▶ **Extracted records**:

______

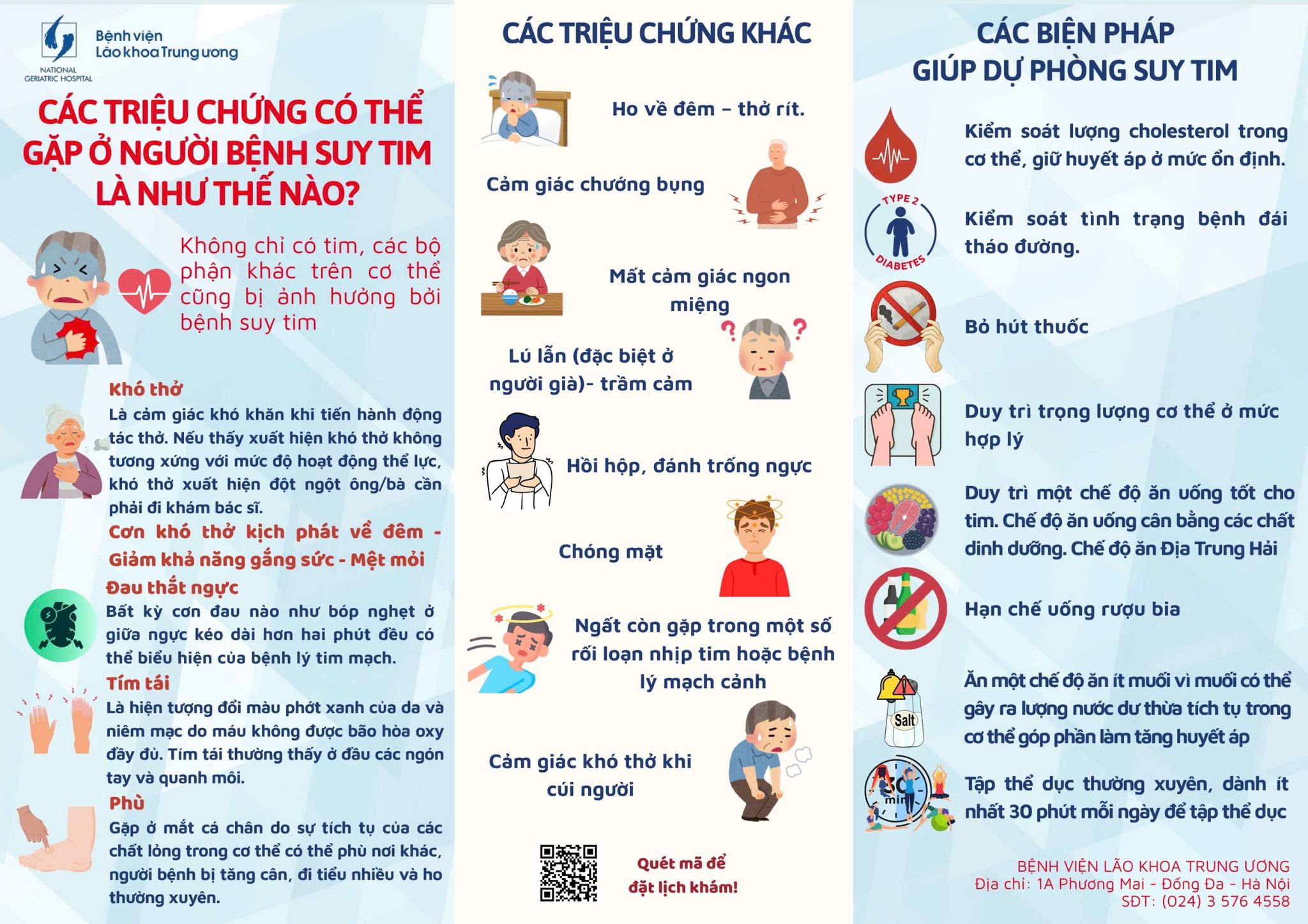 Phần tư vấn giáo dục sức khỏe được trình bày sinh động, dễ hiểu, giúp người bệnh và người nhà nắm bắt kiến thức cơ bản về bệnh suy tim, một trong những bệnh lý mạn tính phổ biến ở người cao tuổi. Người tham dự được hướng dẫn nhận biết các dấu hiệu sớm như: khó thở, mệt mỏi, phù chân, đau tức ngực, chóng mặt hay hồi hộp đánh trống ngực; đồng thời được cung cấp các biện pháp dự phòng hữu ích như duy trì chế độ ăn giảm muối, kiểm soát huyết áp, hạn chế rượu bia, bỏ thuốc lá, tập thể dục thường xuyên và theo dõi sức khỏe định kỳ.
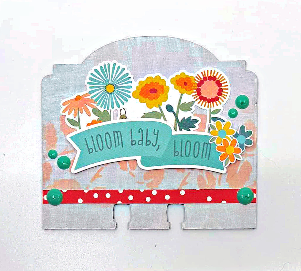 Other: acrylic paint-white, Distress Ink-ripe persimmon, Simple Stories Full Bloom, papers, stickers, ephemera, enamel dots, foam tape.
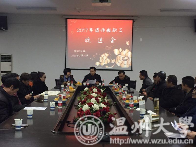 1月11日,副校长方益权主持召开2017年退休教职工欢送会,人事处、工会、老干部工作部等相关部门负责人出席会议。
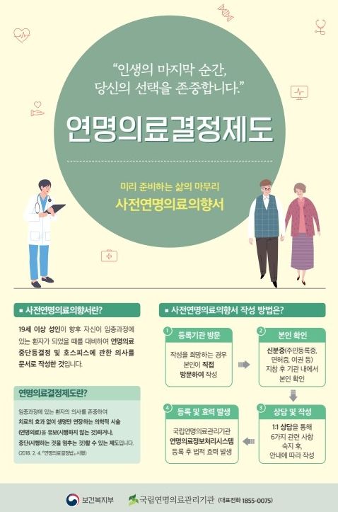 사전연명의료의향서는 임종 과정에 있는 환자가 연명의료 시행 여부와 호스피스 이용 등에 대해 본인의 의사를 사전에 문서로 남기는 제도로, 19세 이상 성인이면 누구나 신분증을 지참해 등록기관을 직접 방문하여 작성할 수 있다.
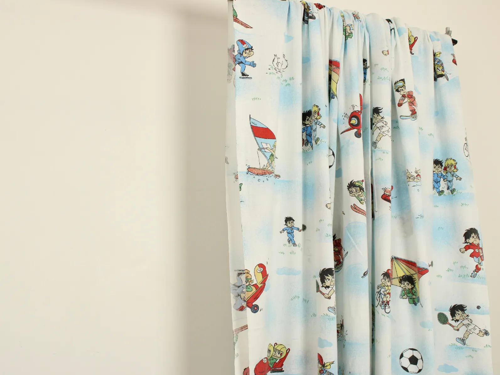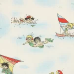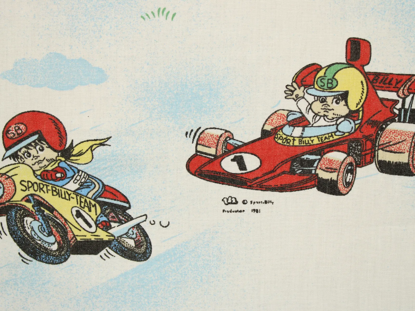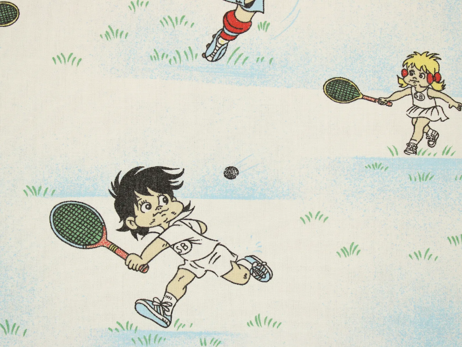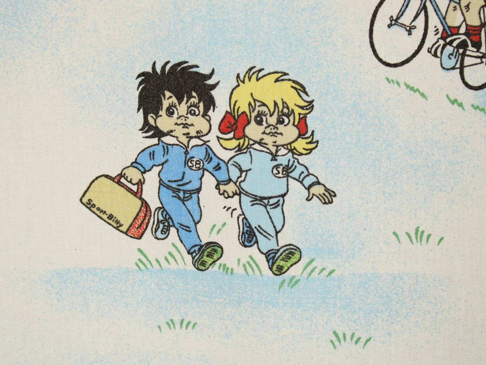 色々なスポーツをするビリー、リリーとウィリーが描かれた生地です。
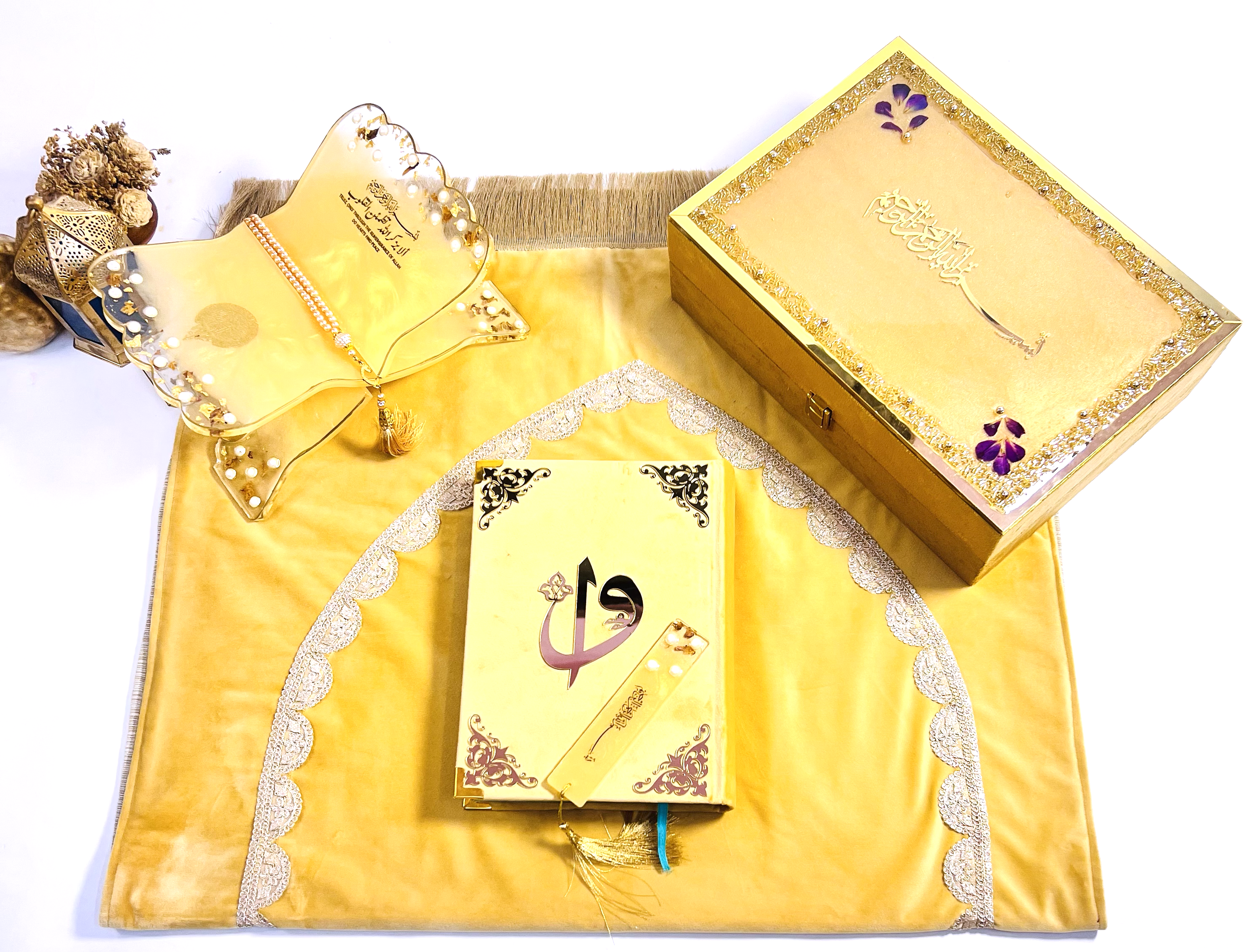 - Matching Tasbih and Tasbih Counter: A beautifully crafted tasbih (prayer beads) in golden hues along with a tasbih counter for ease in keeping track of prayers, offering both style and practicality.
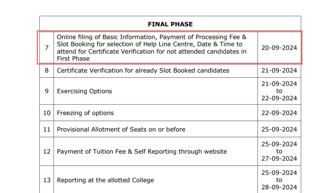 | Reporting at Allotted College (Final Phase) | September 25, 2024 – September 28, 2024 |
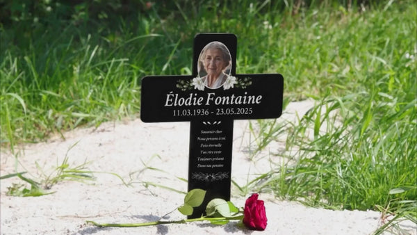 Notre croix funéraire personnalisée avec nom et photo est bien plus qu’une simple décoration de tombe – c’est un souvenir chargé d’émotion, qui capture les moments et les sentiments partagés avec la personne aimée. Fabriquée en acrylique de haute qualité, cette croix résistante aux intempéries est imprimée selon vos souhaits : nom, photo, dates de vie et message personnel. Cette personnalisation rend chaque croix unique et transforme la douleur de la perte en un hommage empreint de tendresse et de respect.
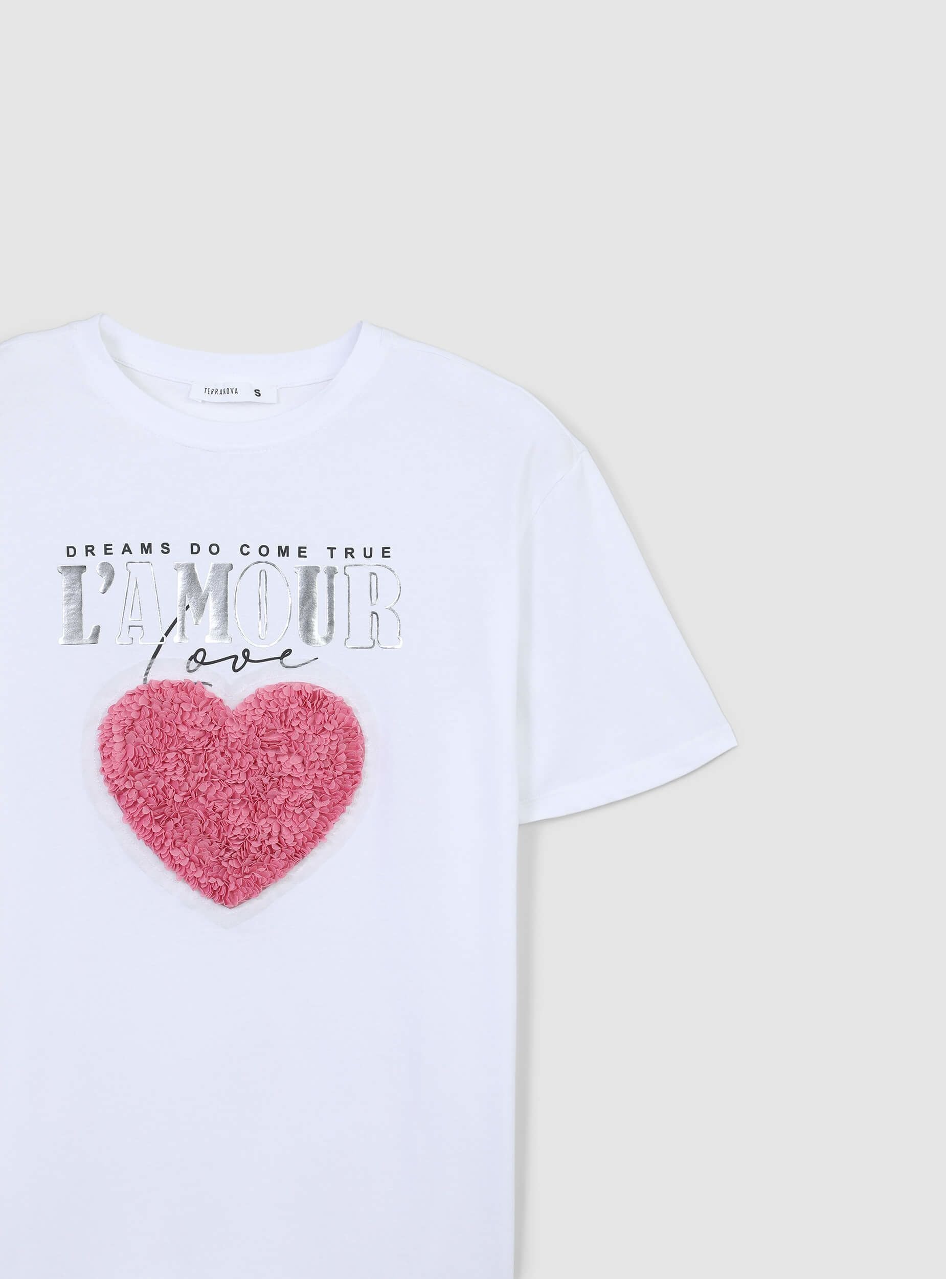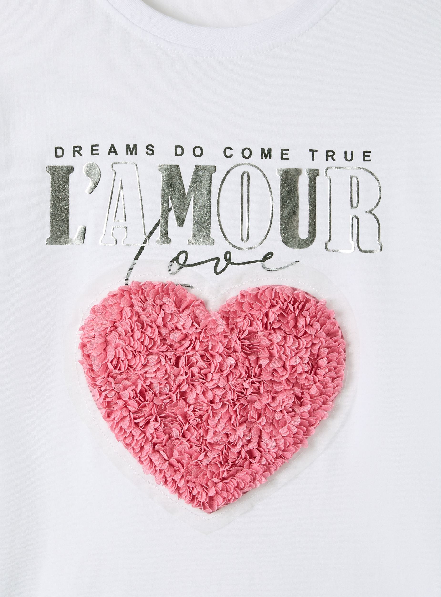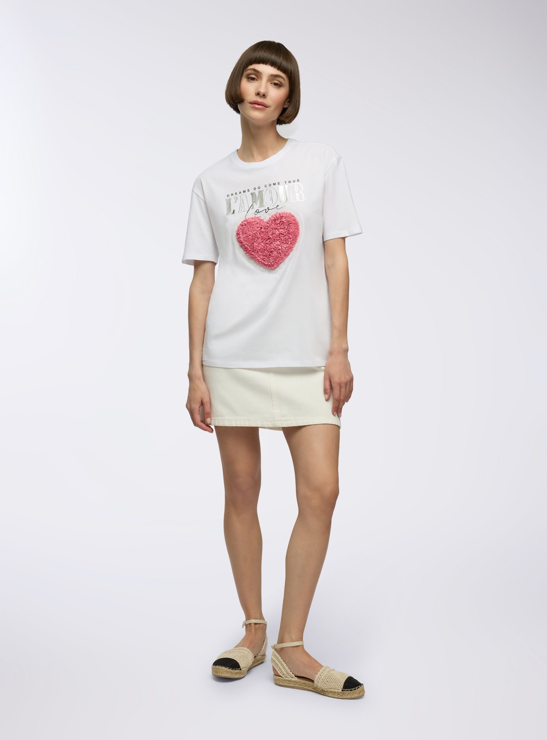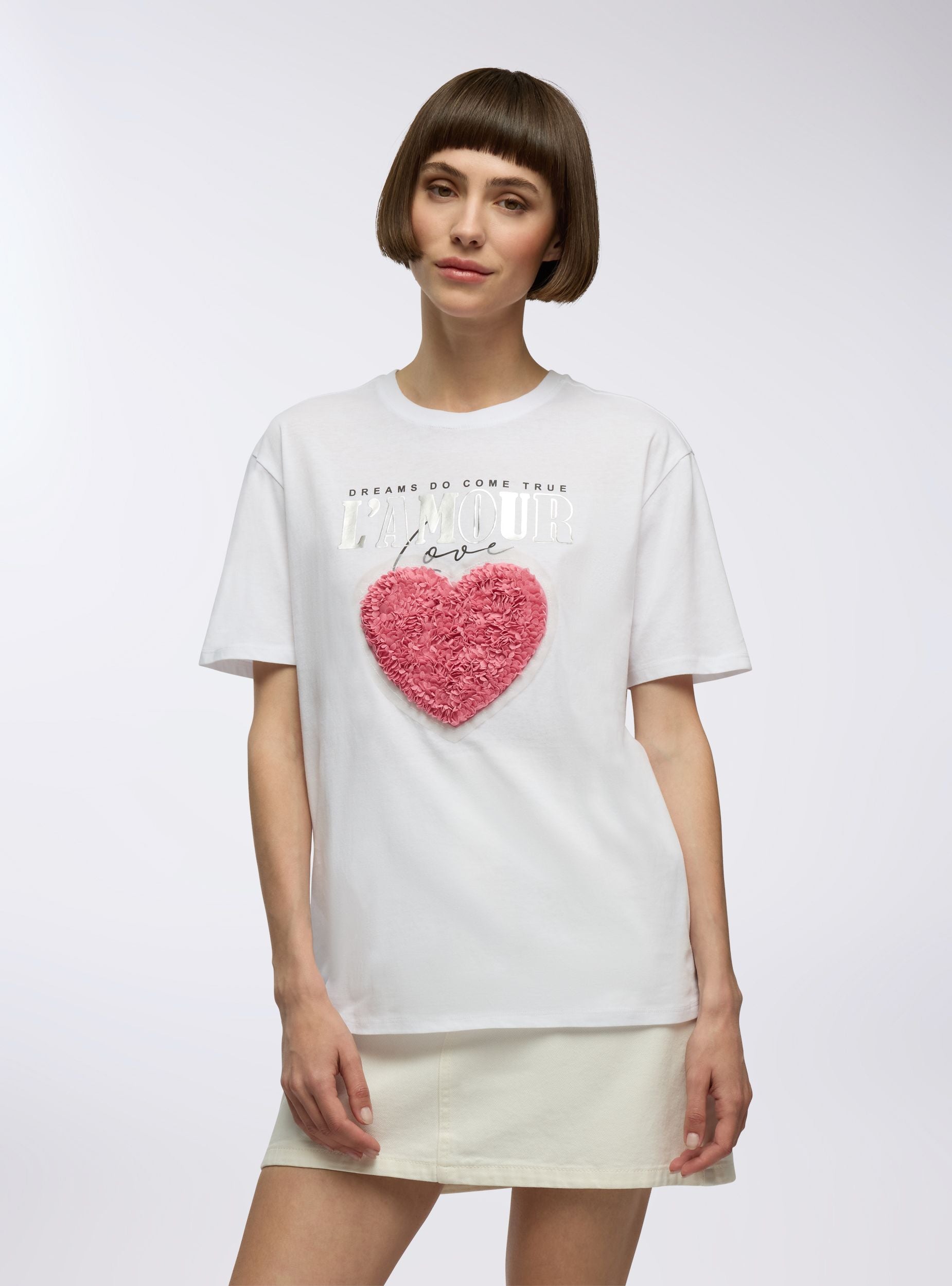 Maglietta da donna ideale per un look casual e moderno. Presenta un design con applicazioni decorative e una scritta sul davanti, perfetta per aggiungere un tocco di originalità al tuo outfit. Si abbina facilmente a jeans o pantaloni per un look quotidiano o informale. Vestibilità comoda e stile versatile per diverse occasioni.Dettagli

______

▶ **Work to be completed**: Exactly the lines from the one that contains "Notre croix funéraire" to the last line of the data, both included, should be set down, and no pictures should appear among them.

▶ **Task output**:
 Notre croix funéraire personnalisée avec nom et photo est bien plus qu’une simple décoration de tombe – c’est un souvenir chargé d’émotion, qui capture les moments et les sentiments partagés avec la personne aimée. Fabriquée en acrylique de haute qualité, cette croix résistante aux intempéries est imprimée selon vos souhaits : nom, photo, dates de vie et message personnel. Cette personnalisation rend chaque croix unique et transforme la douleur de la perte en un hommage empreint de tendresse et de respect.
 Maglietta da donna ideale per un look casual e moderno. Presenta un design con applicazioni decorative e una scritta sul davanti, perfetta per aggiungere un tocco di originalità al tuo outfit. Si abbina facilmente a jeans o pantaloni per un look quotidiano o informale. Vestibilità comoda e stile versatile per diverse occasioni.Dettagli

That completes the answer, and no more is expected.